Il settore dell’auto non se la passa tanto bene. Non tanto perché si vendano meno auto, il che è pure vero, ma soprattutto perché gli utili si sono assottigliati. La ragione? I massicci investimenti in ricerca e sviluppo che i costruttori si devono sobbarcare per via delle norme sulle emissioni che impongono loro di sposare l’idea dell’auto elettrica.

L’ultima in ordine di tempo a lanciare un “profit warning”, cioè l'annuncio di una società quotata in Borsa che i suoi profitti saranno inferiori rispetto alle attese, è stata Renault, che ha rivisto le stime sui ricavi per il 2019 dandole in calo tra il 3 e il 4% rispetto al 2018 «A causa di una congiuntura meno favorevole del previsto e in un contesto normativo che richiede spese sempre più elevate».

Il 2019 è stato costellato da annunci simili: a lanciare l’allarme è stata BMW in marzo, che ha lanciato un programma di tagli per ridurre i costi di 12 miliardi di euro entro la fine del 2022, e lo ha fatto per ben quattro volte nel corso dell’anno anche Daimler, giustificando l’outlook negativo con gli accantonamenti necessari per fronteggiare risarcimenti e spese legali per lo scandalo dei Diesel “taroccati” e degli airbag difettosi.

Pure FCA a febbraio aveva lanciato l’sos per via della stagnante situazione del mercato europeo, anche se il Gruppo italoamericano rispetto ad un costruttore comparabile come Renault, che non a caso è ancora indicato come il principale candidato di un’ipotetica operazione di M&A nonostante il naufragio del primo tentativo, ha dalla sua parte l’accesso al mercato USA che può mantenerla a galla.

Alle difficoltà del mercato si aggiungono poi altri fattori, tutti negativi per la salute dei bilanci: si va dall’introduzione a partire dall’1 settembre del nuovo sistema di omologazione WLTP che ha fatto calare gli ordini in attesa che fossero aggiornati gli stock, alla guerra dei dazi tra USA e Cina, con Trump vicino ad alzare la barriere doganali anche per le auto europee, fino allo spauracchio della Brexit che potrebbe ridimensionare la Gran Bretagna dal ruolo di “major market” del Vecchio Continente per arrivare alla calante popolarità (e alla messa al bando in alcuni casi) delle motorizzazioni Diesel causata dall’indirizzo politico prevalente sul tema inquinamento.
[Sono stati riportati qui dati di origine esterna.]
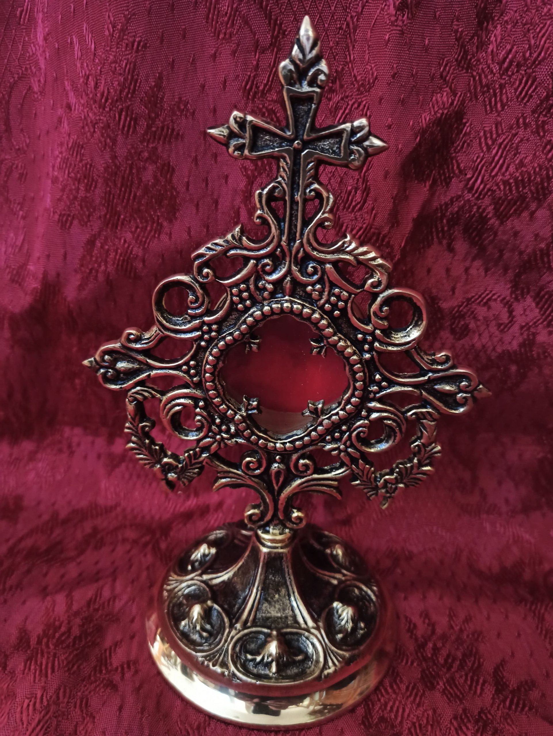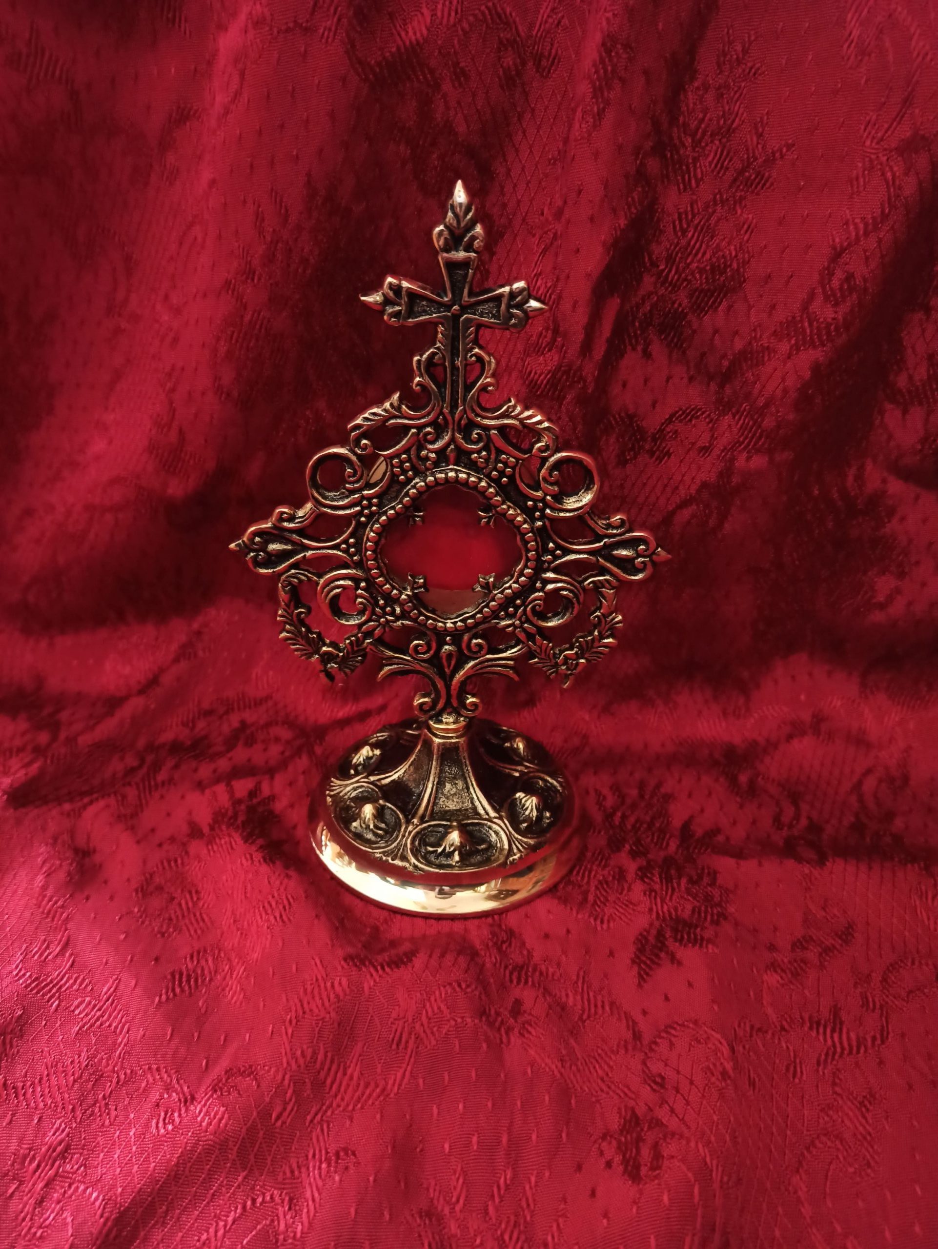 Relicario iglesia antiguo de latón estilo antiguo. Con diseños exclusivos por parte nuestra que ofrecen una elegancia. Las medidas son 24 cm alto x 16 cm ancho. El porta reliquias 6cm x 2,5 de profundo. Disponible con estuche y en varios acabados. Este modelo es el estilo antiguo.

Intanto le immatricolazioni europee scendono: -1,6% in UE nei primi nove mesi rispetto al 2018. Un dato che conferma le paure di chi le auto le produce.

Di recente la società di consulenza strategica AlixPartners ha parlato di un “deserto dei profitti” che le Case dovrebbero attraversare da qui al 2025, per via dei costi da sostenere necessariamente per non incorrere nelle sanzioni “antinquinamento” della UE e non solo: è stato calcolato che all’industria produrre un’auto elettrica costa 2,5 volte in più che produrre un’auto con un motore termico. In media un motore elettrico costa circa 16.000 dollari USA contro 6.500 dollari di un benzina o Diesel non ibrido, ma si prevede anche che i costi si abbasseranno via via di un 4% all’anno grazie al perfezionamento della produzione ed alle economia di scala, quindi la situazione gradualmente migliorerà. Prima, però, bisognerà attraversare indenni il deserto...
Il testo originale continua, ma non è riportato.